Transcribe nothing except the lines below that run from the one with "DINNER CANDLES IVORY (7 HOUR BURN) 5 PACK" to the one with "- W przypadku", ends included, and do not copy any picture.

[Supplied data — start]

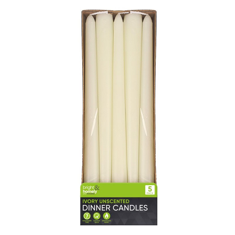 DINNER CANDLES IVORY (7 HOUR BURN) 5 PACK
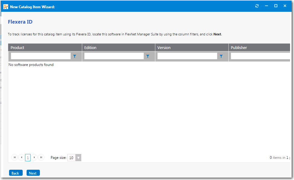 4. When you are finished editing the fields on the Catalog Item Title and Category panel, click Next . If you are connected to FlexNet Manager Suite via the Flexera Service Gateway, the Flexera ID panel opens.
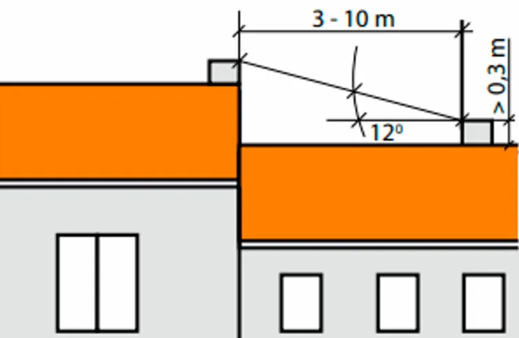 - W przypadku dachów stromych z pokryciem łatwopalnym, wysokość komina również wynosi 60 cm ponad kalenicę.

[Supplied data — finish]
[Supplied data — start]

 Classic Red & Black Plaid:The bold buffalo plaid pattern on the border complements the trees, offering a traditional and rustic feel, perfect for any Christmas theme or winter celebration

[Supplied data — finish]

→ **Exercise result**:
 DINNER CANDLES IVORY (7 HOUR BURN) 5 PACK
 4. When you are finished editing the fields on the Catalog Item Title and Category panel, click Next . If you are connected to FlexNet Manager Suite via the Flexera Service Gateway, the Flexera ID panel opens.
 - W przypadku dachów stromych z pokryciem łatwopalnym, wysokość komina również wynosi 60 cm ponad kalenicę.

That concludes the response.